-- Work instruction --
The response should consist of every line below, unchanged.

__________________________________________________

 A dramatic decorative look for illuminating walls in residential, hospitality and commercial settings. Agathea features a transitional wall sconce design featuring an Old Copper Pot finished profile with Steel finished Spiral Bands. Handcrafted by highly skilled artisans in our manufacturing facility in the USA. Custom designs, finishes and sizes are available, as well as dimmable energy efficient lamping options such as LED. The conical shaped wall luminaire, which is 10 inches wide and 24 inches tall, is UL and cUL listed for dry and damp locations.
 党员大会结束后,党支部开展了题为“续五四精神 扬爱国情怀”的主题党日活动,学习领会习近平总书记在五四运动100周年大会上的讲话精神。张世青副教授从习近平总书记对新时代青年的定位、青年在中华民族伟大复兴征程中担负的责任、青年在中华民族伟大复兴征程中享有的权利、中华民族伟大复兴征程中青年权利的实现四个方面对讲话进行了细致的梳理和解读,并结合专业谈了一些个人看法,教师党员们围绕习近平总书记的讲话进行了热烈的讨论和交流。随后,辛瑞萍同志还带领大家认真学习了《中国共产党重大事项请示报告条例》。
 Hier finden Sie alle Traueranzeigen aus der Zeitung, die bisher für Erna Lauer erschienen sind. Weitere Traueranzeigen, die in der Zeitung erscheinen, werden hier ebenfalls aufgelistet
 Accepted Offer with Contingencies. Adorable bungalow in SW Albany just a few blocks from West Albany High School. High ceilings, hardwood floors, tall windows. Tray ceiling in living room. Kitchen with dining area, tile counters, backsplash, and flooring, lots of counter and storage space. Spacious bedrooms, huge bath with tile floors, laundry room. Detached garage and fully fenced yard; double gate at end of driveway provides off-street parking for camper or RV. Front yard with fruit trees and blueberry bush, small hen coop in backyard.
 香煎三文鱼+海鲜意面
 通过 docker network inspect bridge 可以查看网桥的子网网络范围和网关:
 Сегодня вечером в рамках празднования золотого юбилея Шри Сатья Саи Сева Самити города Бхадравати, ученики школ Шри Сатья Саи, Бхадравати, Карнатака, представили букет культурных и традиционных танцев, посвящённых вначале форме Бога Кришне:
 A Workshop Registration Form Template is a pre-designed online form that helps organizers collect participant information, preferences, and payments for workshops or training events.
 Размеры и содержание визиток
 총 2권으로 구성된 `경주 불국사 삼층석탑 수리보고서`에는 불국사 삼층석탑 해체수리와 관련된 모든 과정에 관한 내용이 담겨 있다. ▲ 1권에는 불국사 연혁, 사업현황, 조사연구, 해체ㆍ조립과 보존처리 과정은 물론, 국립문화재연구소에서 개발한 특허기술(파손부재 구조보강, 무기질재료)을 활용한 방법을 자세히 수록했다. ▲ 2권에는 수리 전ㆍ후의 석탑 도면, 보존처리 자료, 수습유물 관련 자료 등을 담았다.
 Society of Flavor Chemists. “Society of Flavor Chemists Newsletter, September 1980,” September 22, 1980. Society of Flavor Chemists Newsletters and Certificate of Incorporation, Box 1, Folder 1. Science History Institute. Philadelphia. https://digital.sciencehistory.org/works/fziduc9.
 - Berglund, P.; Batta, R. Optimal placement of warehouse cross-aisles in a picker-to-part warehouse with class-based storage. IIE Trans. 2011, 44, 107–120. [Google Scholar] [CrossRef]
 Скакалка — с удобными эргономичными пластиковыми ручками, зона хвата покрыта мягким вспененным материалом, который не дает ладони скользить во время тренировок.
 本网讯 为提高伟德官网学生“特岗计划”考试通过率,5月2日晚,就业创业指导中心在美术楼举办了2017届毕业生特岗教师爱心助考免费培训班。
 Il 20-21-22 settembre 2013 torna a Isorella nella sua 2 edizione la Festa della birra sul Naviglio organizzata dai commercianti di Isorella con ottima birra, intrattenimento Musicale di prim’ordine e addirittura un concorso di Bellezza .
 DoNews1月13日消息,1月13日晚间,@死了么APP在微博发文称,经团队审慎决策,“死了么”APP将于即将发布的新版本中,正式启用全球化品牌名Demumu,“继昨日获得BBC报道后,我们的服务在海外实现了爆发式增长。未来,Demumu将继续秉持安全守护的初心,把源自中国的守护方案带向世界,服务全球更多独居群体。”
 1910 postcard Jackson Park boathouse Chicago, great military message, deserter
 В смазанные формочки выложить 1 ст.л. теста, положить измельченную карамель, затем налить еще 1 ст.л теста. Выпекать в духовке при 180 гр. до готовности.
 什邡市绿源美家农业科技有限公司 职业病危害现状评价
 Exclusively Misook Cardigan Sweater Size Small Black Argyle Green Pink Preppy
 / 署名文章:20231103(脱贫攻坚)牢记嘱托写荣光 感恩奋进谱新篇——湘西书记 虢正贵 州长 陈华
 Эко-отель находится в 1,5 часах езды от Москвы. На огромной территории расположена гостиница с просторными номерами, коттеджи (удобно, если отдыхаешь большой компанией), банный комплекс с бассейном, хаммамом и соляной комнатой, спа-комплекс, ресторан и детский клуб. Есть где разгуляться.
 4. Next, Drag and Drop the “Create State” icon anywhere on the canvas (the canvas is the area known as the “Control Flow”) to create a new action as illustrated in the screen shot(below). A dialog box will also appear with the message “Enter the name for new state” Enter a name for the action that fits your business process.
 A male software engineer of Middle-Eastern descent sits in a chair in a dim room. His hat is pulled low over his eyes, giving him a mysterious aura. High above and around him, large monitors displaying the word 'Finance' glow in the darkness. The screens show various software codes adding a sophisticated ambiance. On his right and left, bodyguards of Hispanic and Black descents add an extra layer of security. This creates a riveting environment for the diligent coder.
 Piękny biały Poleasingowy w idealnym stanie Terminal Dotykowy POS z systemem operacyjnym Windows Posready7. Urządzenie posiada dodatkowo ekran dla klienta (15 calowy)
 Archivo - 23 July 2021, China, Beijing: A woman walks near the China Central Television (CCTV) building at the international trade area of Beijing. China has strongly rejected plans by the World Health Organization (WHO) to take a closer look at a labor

__________________________________________________

-- Output of the task --
 A dramatic decorative look for illuminating walls in residential, hospitality and commercial settings. Agathea features a transitional wall sconce design featuring an Old Copper Pot finished profile with Steel finished Spiral Bands. Handcrafted by highly skilled artisans in our manufacturing facility in the USA. Custom designs, finishes and sizes are available, as well as dimmable energy efficient lamping options such as LED. The conical shaped wall luminaire, which is 10 inches wide and 24 inches tall, is UL and cUL listed for dry and damp locations.
 党员大会结束后,党支部开展了题为“续五四精神 扬爱国情怀”的主题党日活动,学习领会习近平总书记在五四运动100周年大会上的讲话精神。张世青副教授从习近平总书记对新时代青年的定位、青年在中华民族伟大复兴征程中担负的责任、青年在中华民族伟大复兴征程中享有的权利、中华民族伟大复兴征程中青年权利的实现四个方面对讲话进行了细致的梳理和解读,并结合专业谈了一些个人看法,教师党员们围绕习近平总书记的讲话进行了热烈的讨论和交流。随后,辛瑞萍同志还带领大家认真学习了《中国共产党重大事项请示报告条例》。
 Hier finden Sie alle Traueranzeigen aus der Zeitung, die bisher für Erna Lauer erschienen sind. Weitere Traueranzeigen, die in der Zeitung erscheinen, werden hier ebenfalls aufgelistet
 Accepted Offer with Contingencies. Adorable bungalow in SW Albany just a few blocks from West Albany High School. High ceilings, hardwood floors, tall windows. Tray ceiling in living room. Kitchen with dining area, tile counters, backsplash, and flooring, lots of counter and storage space. Spacious bedrooms, huge bath with tile floors, laundry room. Detached garage and fully fenced yard; double gate at end of driveway provides off-street parking for camper or RV. Front yard with fruit trees and blueberry bush, small hen coop in backyard.
 香煎三文鱼+海鲜意面
 通过 docker network inspect bridge 可以查看网桥的子网网络范围和网关:
 Сегодня вечером в рамках празднования золотого юбилея Шри Сатья Саи Сева Самити города Бхадравати, ученики школ Шри Сатья Саи, Бхадравати, Карнатака, представили букет культурных и традиционных танцев, посвящённых вначале форме Бога Кришне:
 A Workshop Registration Form Template is a pre-designed online form that helps organizers collect participant information, preferences, and payments for workshops or training events.
 Размеры и содержание визиток
 총 2권으로 구성된 `경주 불국사 삼층석탑 수리보고서`에는 불국사 삼층석탑 해체수리와 관련된 모든 과정에 관한 내용이 담겨 있다. ▲ 1권에는 불국사 연혁, 사업현황, 조사연구, 해체ㆍ조립과 보존처리 과정은 물론, 국립문화재연구소에서 개발한 특허기술(파손부재 구조보강, 무기질재료)을 활용한 방법을 자세히 수록했다. ▲ 2권에는 수리 전ㆍ후의 석탑 도면, 보존처리 자료, 수습유물 관련 자료 등을 담았다.
 Society of Flavor Chemists. “Society of Flavor Chemists Newsletter, September 1980,” September 22, 1980. Society of Flavor Chemists Newsletters and Certificate of Incorporation, Box 1, Folder 1. Science History Institute. Philadelphia. https://digital.sciencehistory.org/works/fziduc9.
 - Berglund, P.; Batta, R. Optimal placement of warehouse cross-aisles in a picker-to-part warehouse with class-based storage. IIE Trans. 2011, 44, 107–120. [Google Scholar] [CrossRef]
 Скакалка — с удобными эргономичными пластиковыми ручками, зона хвата покрыта мягким вспененным материалом, который не дает ладони скользить во время тренировок.
 本网讯 为提高伟德官网学生“特岗计划”考试通过率,5月2日晚,就业创业指导中心在美术楼举办了2017届毕业生特岗教师爱心助考免费培训班。
 Il 20-21-22 settembre 2013 torna a Isorella nella sua 2 edizione la Festa della birra sul Naviglio organizzata dai commercianti di Isorella con ottima birra, intrattenimento Musicale di prim’ordine e addirittura un concorso di Bellezza .
 DoNews1月13日消息,1月13日晚间,@死了么APP在微博发文称,经团队审慎决策,“死了么”APP将于即将发布的新版本中,正式启用全球化品牌名Demumu,“继昨日获得BBC报道后,我们的服务在海外实现了爆发式增长。未来,Demumu将继续秉持安全守护的初心,把源自中国的守护方案带向世界,服务全球更多独居群体。”
 1910 postcard Jackson Park boathouse Chicago, great military message, deserter
 В смазанные формочки выложить 1 ст.л. теста, положить измельченную карамель, затем налить еще 1 ст.л теста. Выпекать в духовке при 180 гр. до готовности.
 什邡市绿源美家农业科技有限公司 职业病危害现状评价
 Exclusively Misook Cardigan Sweater Size Small Black Argyle Green Pink Preppy
 / 署名文章:20231103(脱贫攻坚)牢记嘱托写荣光 感恩奋进谱新篇——湘西书记 虢正贵 州长 陈华
 Эко-отель находится в 1,5 часах езды от Москвы. На огромной территории расположена гостиница с просторными номерами, коттеджи (удобно, если отдыхаешь большой компанией), банный комплекс с бассейном, хаммамом и соляной комнатой, спа-комплекс, ресторан и детский клуб. Есть где разгуляться.
 4. Next, Drag and Drop the “Create State” icon anywhere on the canvas (the canvas is the area known as the “Control Flow”) to create a new action as illustrated in the screen shot(below). A dialog box will also appear with the message “Enter the name for new state” Enter a name for the action that fits your business process.
 A male software engineer of Middle-Eastern descent sits in a chair in a dim room. His hat is pulled low over his eyes, giving him a mysterious aura. High above and around him, large monitors displaying the word 'Finance' glow in the darkness. The screens show various software codes adding a sophisticated ambiance. On his right and left, bodyguards of Hispanic and Black descents add an extra layer of security. This creates a riveting environment for the diligent coder.
 Piękny biały Poleasingowy w idealnym stanie Terminal Dotykowy POS z systemem operacyjnym Windows Posready7. Urządzenie posiada dodatkowo ekran dla klienta (15 calowy)
 Archivo - 23 July 2021, China, Beijing: A woman walks near the China Central Television (CCTV) building at the international trade area of Beijing. China has strongly rejected plans by the World Health Organization (WHO) to take a closer look at a labor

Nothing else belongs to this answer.